Durante su presidencia (1920-1924), Obregón tuvo la tarea de apaciguar el aquelarre de generales, convencidos cada uno de que los laureles del César les correpondían por razón o por madruguetes, pues todos creían merecerlos por una de las mil batallas en que combatieron. La sangre no dejó de correr. Aquéllos que no se sometieron a la voluntad del caudillo fueron ajusticiados y los otros tantos fueron sometidos. En medio de la violencia, el gobierno de Obregón “destinado a extinguir las llamas de aquel enorme incendio -escribe Benítez-, hubiera supuesto una etapa de transición sin relevancia de no haber nombrado a José Vasconcelos como secretario de educación.

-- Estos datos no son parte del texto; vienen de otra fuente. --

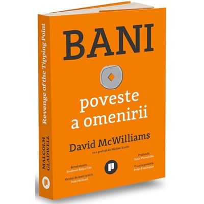Banii. Sunt al cincilea element, fara de care omenirii i-ar fi greu sa supravietuiasca. Acum, economistul mondial David McWilliams a scris o carte surprinzatoare, care exploreaza relatia noastra cu banii si modul in care sustin existenta civilizatiei asa cum o cunoastem. In Bani, McWilliams isi propune sa faca pentru bani ceea ce David Attenborough a facut pentru stiintele naturii, si anume sa le dezvaluie misterele, limitele si puterea lor uimitoare.

Disponiendo de claustros ruinosos y de iglesias abandonadas, construye en ellos la propia sede de su ministerio, escuelas, bibliotecas y salas de discusiones públicas. México se reconoce a sí mismo, muy tarde”.[2]
Con Vasconcelos se generó uno de los más importantes momentos culturales de nuestra historia reciente. La brutal energía de la revolución que aún se respiraba por todos lados y que combinaba su aroma con el de la pólvora y la sangre, quedó plasmada en los muros de los edificios públicos, y así los rostros indígenas, los obreros, los mercados, las fiestas populares y la propia historia de México que pintaron Diego Rivera, José Clemente Orozco, David Alfaro Siqueiros y otros muralistas, formaron parte del testimonio de esta corriente nacionalista. Era una nueva visión que no acababa de gustar a los numerosos enamorados de lo europeo. “Constituía en verdad un espectáculo ver a un joven gordo, de ojos saltones, pintar muros antiguos encaramado a sus andamios y con una gran pistola al cinto ‘para orientar a la crítica’, según decía irónicamente”.[3]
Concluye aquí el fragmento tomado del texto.